Former first lady Laura Bush: Knowledge of history basis for 'engaged citizenship'
Jordan Buie, The Tennessean
March 15, 2017, marks 250 years since Andrew Jackson's birth.
NASHVILLE — From the tumultuous days after Sept. 11, 2001, to the strange return to normalcy after her husband's presidency, former first lady Laura Bush on Wednesday shared personal stories from her life that fell in between the headlines of history.
Bush offered her behind-the-scenes perspective during the 117th annual Spring Outing at The Hermitage, the Nashville home of President Andrew Jackson.
“The knowledge and understanding of American history is the basis of intellectual inquiry, engaged citizenship and national pride," Bush told roughly 700 people who attended the event. "And through the educational programs at The Hermitage, the Andrew Jackson Foundation is teaching our nation’s history to over 30,000 students and 200,000 visitors a year. And for that, I am grateful."
In Jackson, Bush said America can learn about a key figure in a tumultuous time in American politics, saying the nation's seventh president changed government and made the presidency as powerful as Congress.
March marked the 250th anniversary of Jackson's birth and Hermitage CEO Howard J. Kittell said the foundation wanted a keynote speaker, such as a first lady, who understood the experience of being within the presidential circle.
"Part of our goal is to remind people that this isn't just a historic house, it's a presidential home," Kittell said.
Bush's visit to The Hermitage marks the second high-profile visit this year. During a stop in Nashville on Jackson's March 15 birthday, President Trump toured the mansion and placed a wreath on Jackson's tomb.
The former first lady said her time in the White House was an honor that offered a variety of unexpected challenges and even amusements.
Early on, she said she was questioned about whether she wanted to be Barbara Bush or Hillary Clinton and was even pegged with the identity of a 1950s housewife because she decided keep a lot of her opinions to herself.
But two causes Bush embraced and championed were literacy and education.

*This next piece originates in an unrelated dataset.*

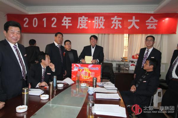 1月16日下午,项目工程管理处股东大会在项管处隆重召开。项目工程管理处全体股东参加了大会,会议应到36人,实到36人。会议由董事会授权委托人——项目工程管理处处长司中谦主持。大会首先进行了预备会议。由处长司中谦报告了到会股东人数、宣读了在1月12日集团公司2012年股东大会预备会上通过的《关于集团公司组织机构人员产生办法的决议》。正式会议上,由副处长李朝峰宣读了《集团公司第一届董事会暨2012年董事会工作报告》、《集团公司第一届监事会暨2012年监事会工作报告》,处长司中谦、总会计师孙天明、工会副主席李宝林、主任工程师刘泰宏分别对《2012年财务决算报告和2013年度财务预算方案(草案)报告》、《2012年度利润分配方案报告》、《第一个三年发展规划执行情况报告》、《第二个三年发展规划纲要》、《集团公司章程(修正案)报告》、《股权委托制度实施细则》等报告的(草案)和内容进行了报告,全体股东一致举手通过了以上八项报告及决议,接着开始选举董事会董事、监事会监事。通过监票人刘泰宏、计票人高荣珠、李迎东同志紧张有序的工作,会议在监票人当场宣布9名董事候选人3名监事候选人获得股东推荐金额的情况后结束。
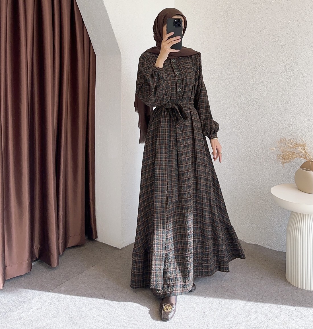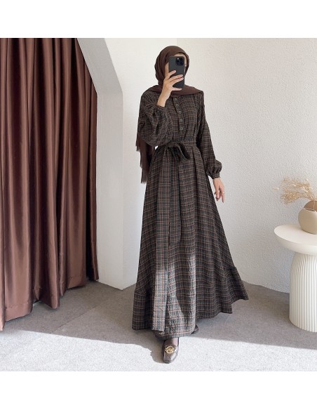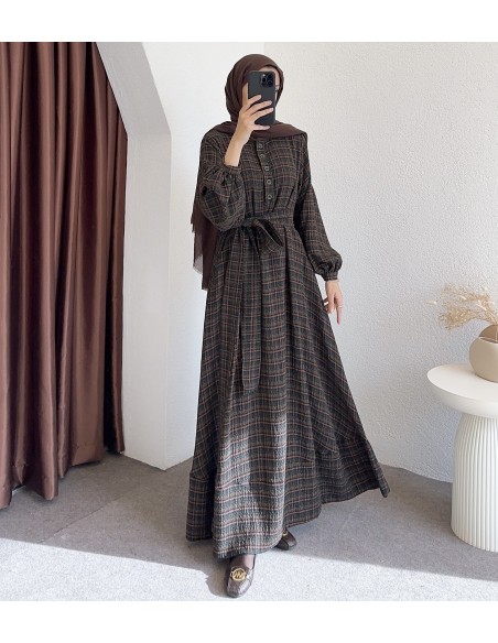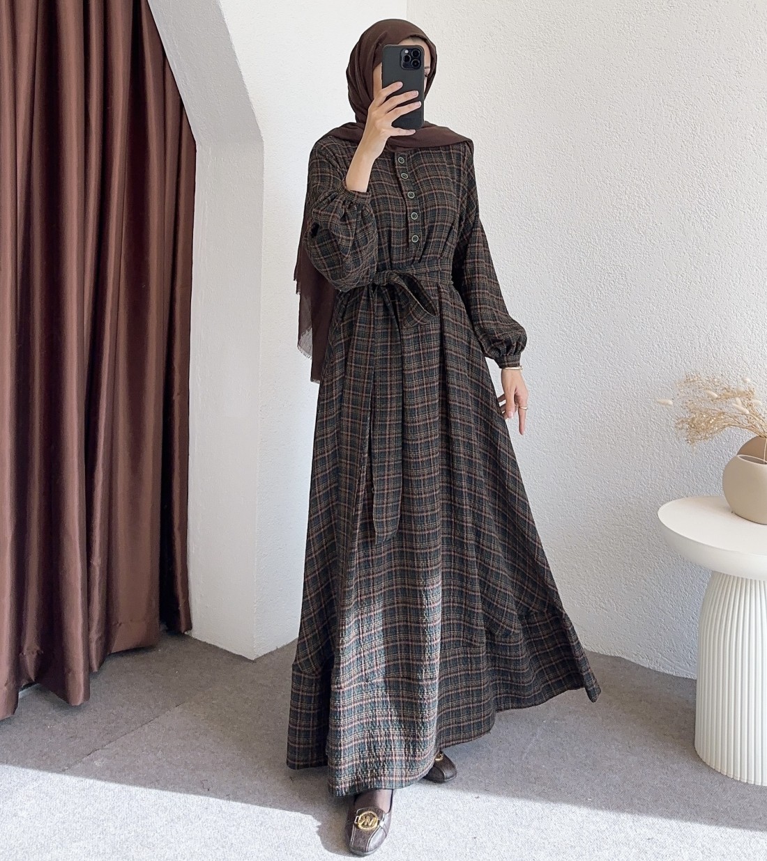 Bisiklet yaka , önden yarım düğmeli , balon kol , manşet kol detaylı , kullanılabilir çift cepli , seyyar kuşaklı elbise .

"I believed that every child deserves a quality education and that cultural literacy is a foundation to democracy," she said.
"In was an honor to meet the voices those times called for, presidents and prime ministers, but there was not greater honor than to meet the first responders who rescued people in New York and Washington," she said.
Bush's speech was the highlight of The Hermitage's yearlong celebration of Jackson's birthday. Additional Jackson-themed events are planned locally as well as at sites across the country that have ties to the president, including the Franklin D. Roosevelt Presidential Library and the National Museum of the American Indian.